Area Sacra, site of cats and Caesar’s assassination, opens to public

The site in the historic center of Rome where Republican temples and Pompey’s Theater were the backdrops to the assassination of Julius Caesar in 44 B.C. has opened to the public for the first time. The cats who have long dominated its decrepit walkways and piles of disorganized ancient stones have a much tidier, informative and navigable new setting from which to blink lazily at their fans.

Funded by luxury jewelers Bulgari, the redevelopment of the archaeological site began in 2021 with the aim of making the sunken square in the middle of one of Rome’s busiest piazzas a walkable, coherent space instead of a litter-strewn, weed-choked jumble of broken stones and unidentifiable ruins.

The promotion and press leans heavily on its being the site where Caesar was assassinated, but that’s something of a fudge. Only a tiny sliver of Pompey’s massive theater complex on the Campus Martius, completed in 55 B.C., is visible at the Largo di Torre Argentina. It’s a section of a tufa base under the edge of the Curia Pompeiana where the Roman senate temporarily held meetings after a fire in 53 B.C. devastated the senate house in the Forum. The entrance to the curia that was the actual scene of the crime lies beneath the Teatro Argentina, an 18th century opera house that overlooks the archaeological site from across the street.

The remains of the structures that give the Area Sacra its name are much older than the theater, ranging in date from the 4th to the 2nd century B.C. There are four temples, dubbed A-D because nobody is sure which deities they were dedicated to. Temple C is the most ancient and is believed to have been devoted to the fertility goddess Feronia. Temple A was next, built in the mid-3rd century B.C. Temple D dates to 2nd century B.C. and is the largest of the four. The temples were damaged by a fire that devastated the city in 111 B.C. A new floor was installed over the rubble and Temple B was built after the fire. B is the only circular temple in the Area Sacra. The travertine slab flooring you see now was installed by the emperor Domitian in 80 A.D. after yet another fire.

The temples were abandoned in the 5th century and mined for construction materials.
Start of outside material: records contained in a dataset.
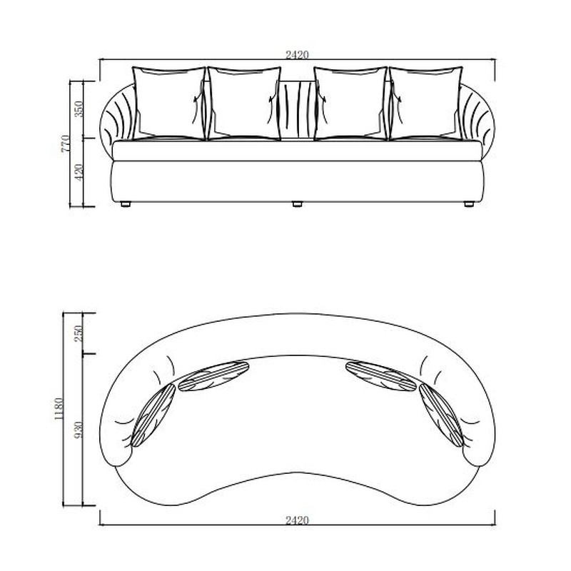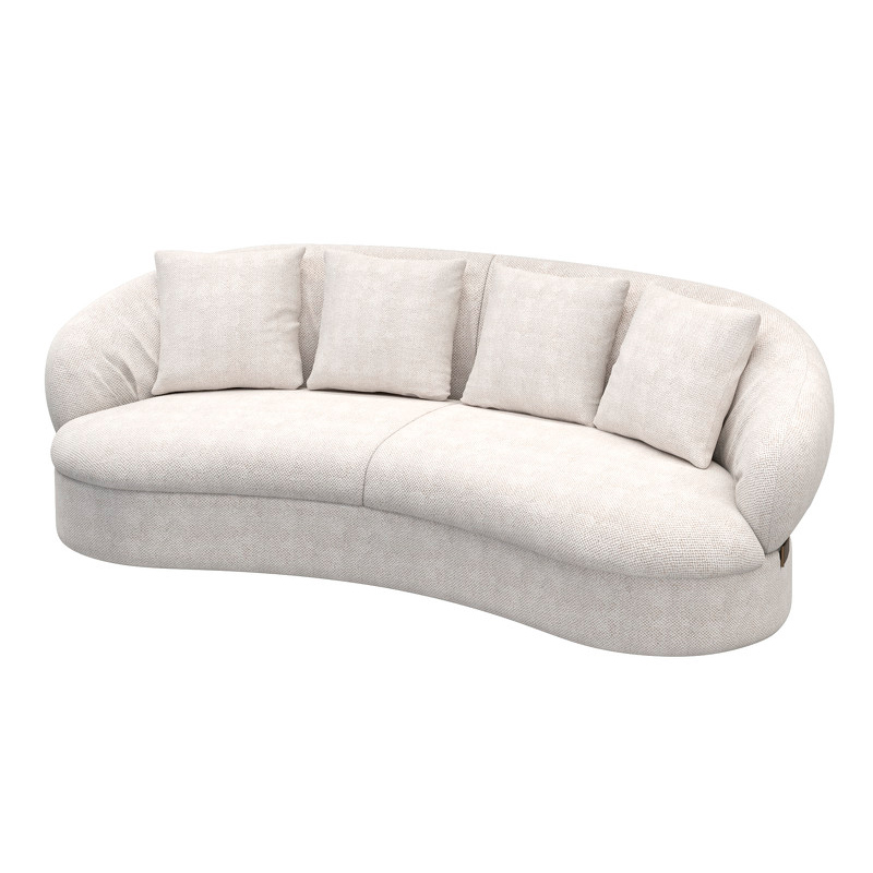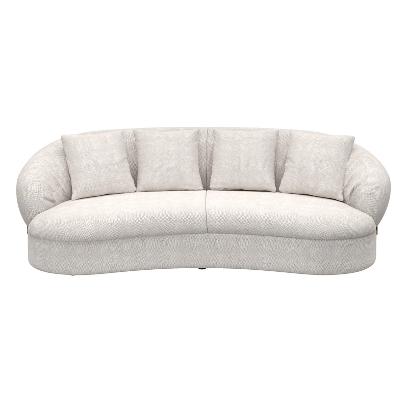 Диван выполнен в отделке тканью из ассортимента фабрики, декоративная металлическая вставка в цвете матовая латунь. Наполнитель дивана пенополиуретан. В комплекте идут четыре декоративные подушки в цвет дивана.
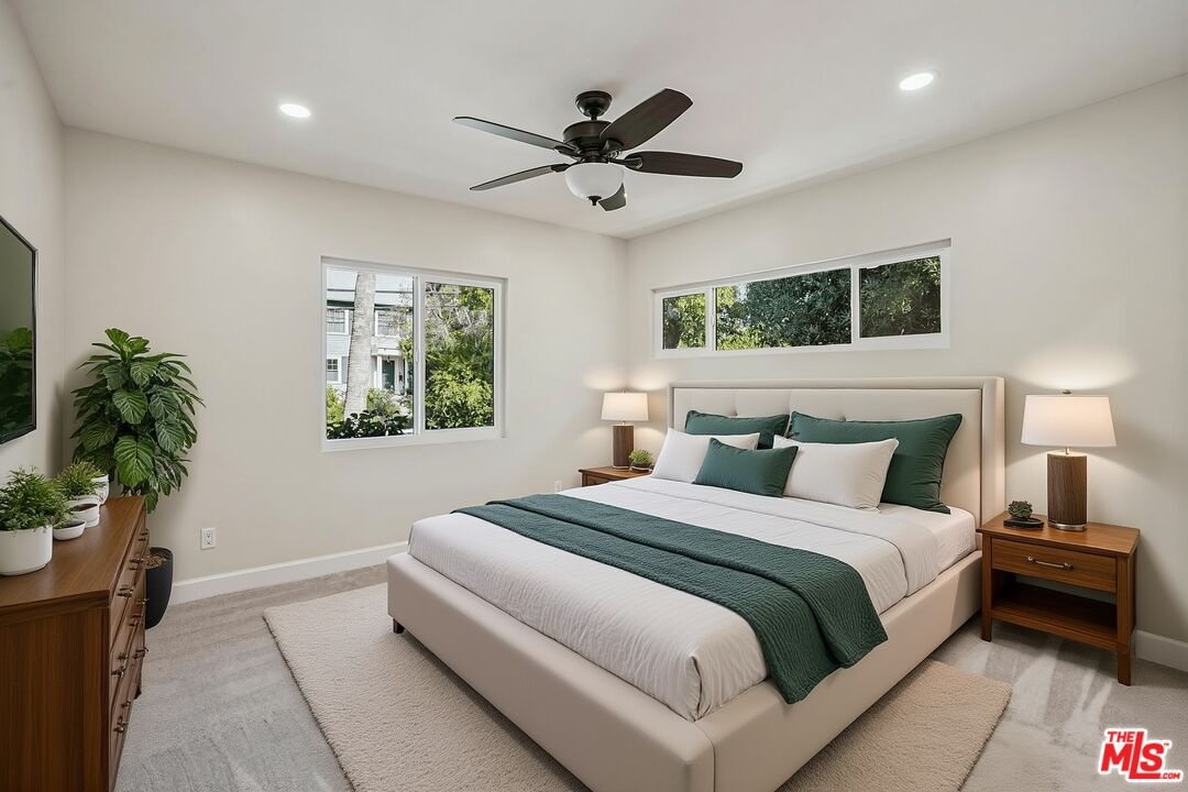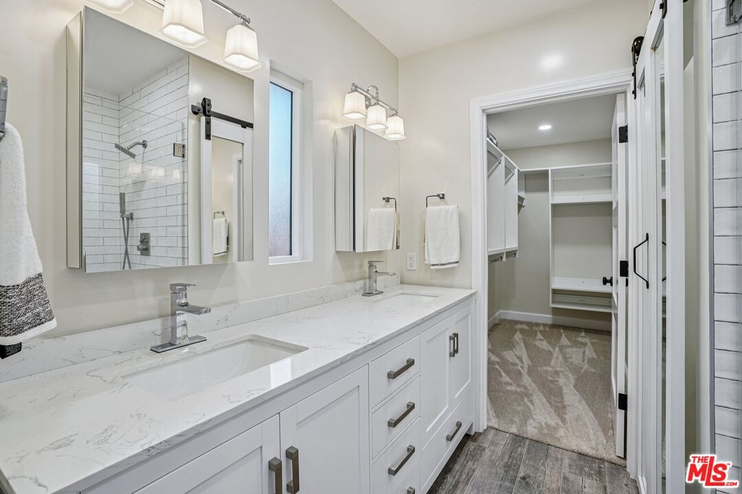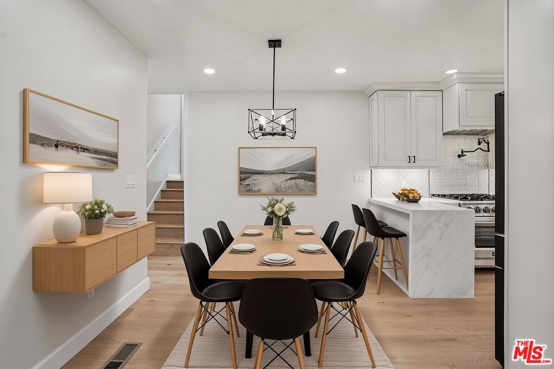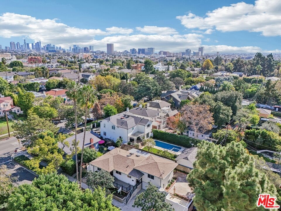 This beautifully renovated Larchmont residence blends contemporary elegance with timeless charm. Step inside through a new mahogany front door to a bright, airy living room featuring vaulted ceilings, recessed LED lighting, and white oak hardwood floors. The open layout flows into a custom chef's kitchen equipped with a Forno Capriasca 36" 6-burner range, custom range hood, quartz waterfall countertops, LED cabinet lighting, a Bosch panel-ready dishwasher, farmhouse sink, counter-depth 4-door refrigerator, decorative tile backsplash, brand-new cabinetry with crown molding, and a walk-in pantry.An inviting family/game room offers the perfect space for entertaining, complete with a custom bar, sink, dual beverage/wine refrigerators, skylights, and French doors leading to two outdoor patiosone covered with pavers and ceiling-fan lighting, the other a peaceful hardscaped retreat.The main-level primary suite features a custom walk-in closet and a spa-inspired bath with dual vanities, an oversized deco-tiled shower, and a mirrored barn door enclosing the private toilet area. Upstairs, two additional bedrooms include custom closets and share a thoughtfully designed bathroom with a dual-access vanity.Extensive upgrades include a new HVAC system and ducting, dual-pane windows, updated electrical and plumbing, custom lighting, skylights, redwood fencing, redwood decking with Trex railing, new garage door, and refreshed landscaping with LED lighting and drip irrigation.Ideally located near Larchmont Village with convenient access to Metro transit and major freeways.
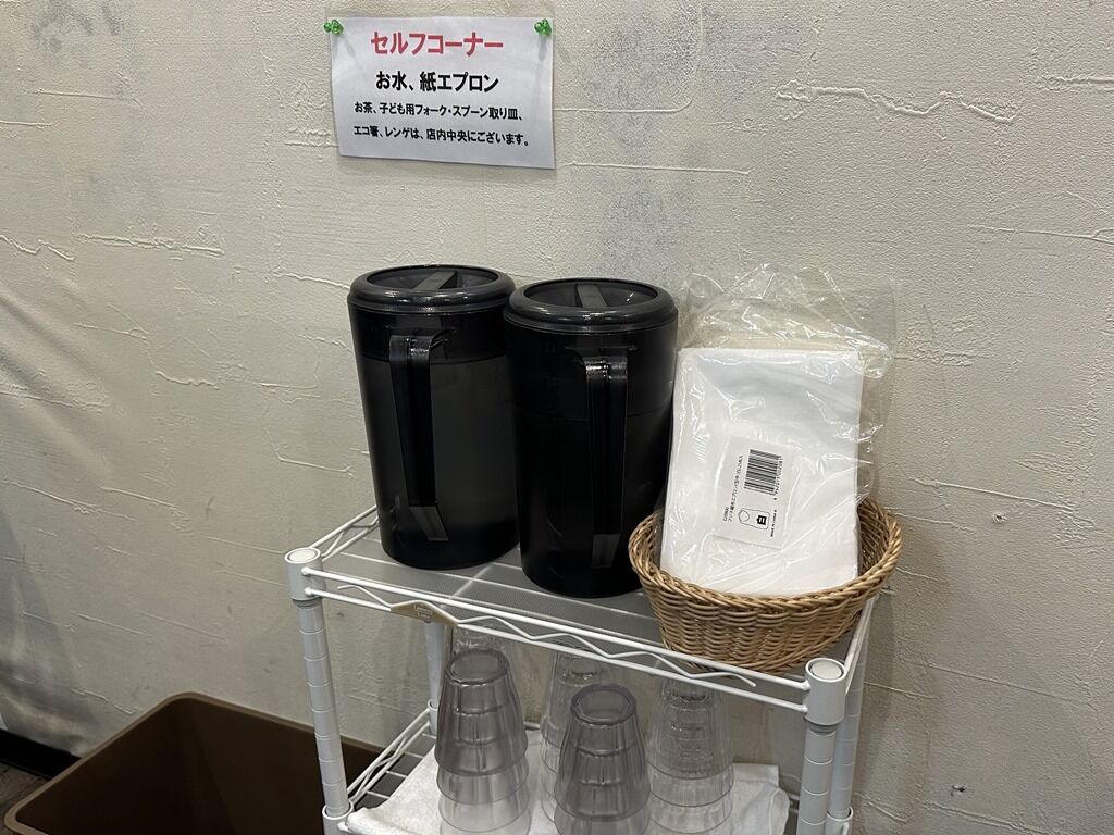 水、お茶、紙エプロン、子供用フォーク、・スプーン、取り皿、エコ箸、レンゲはセルフサービス。子供用クッション、チェアベルトの用意あり。
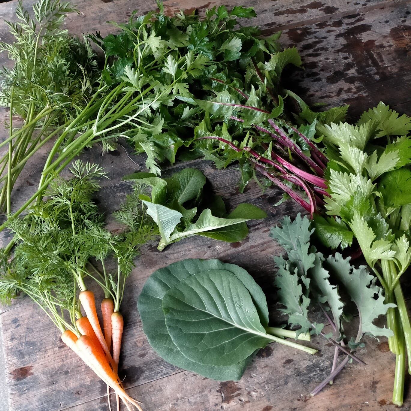 タンポポ・ニンジン・イタパセ・ブロッコリー・など4種類くらいの葉っぱを

There is evidence of large tufa blocks having been reused within the former Area Sacra in the 8th and 9th centuries, but these were likely dwellings. A church was built in the 9th century and the remains of some of its 12th century alterations, including a Cosmati pavement, still survive.

The growth of the city eventually overwhelmed even the medieval structures and the Area Sacra was forgotten. It was rediscovered in 1926 during construction of new buildings. Crammed into the middle of modern Rome’s criss-crossing streets and tram lines, the temple area has never been set up for visitors to enjoy. People have had to content themselves with looking down into the pit from the modern street level.

The redesign now makes it possible for visitors to go down into the area and explore it via an accessible elevator and walkways. There are no barriers, fences or scaffolds obscuring the view. Everything is even on one plane so people with mobility aides can maneuver easily. Two new spaces have been opened up exhibiting an array of sculptural, architectural and funerary artifacts discovered at the site during the demolitions of the 1920s. Informational panels in Italian and English recount the history of the site from antiquity to the 20th century. Two large panels created for the vision impaired and blind include Braille descriptions and two 3D printed objects made from scans of the originals — a marble fragment with a relief of a bird pecking a fruit and the colossal head of a female cult statue.

The new raised walkways, exhibition space, informational panels and lighting system will have no effect on the cats who have colonized the area since it was fully exposed in 1929. They will have the same free run of the place and their sanctuary is safe behind a wall on the Via Arenula side of the piazza.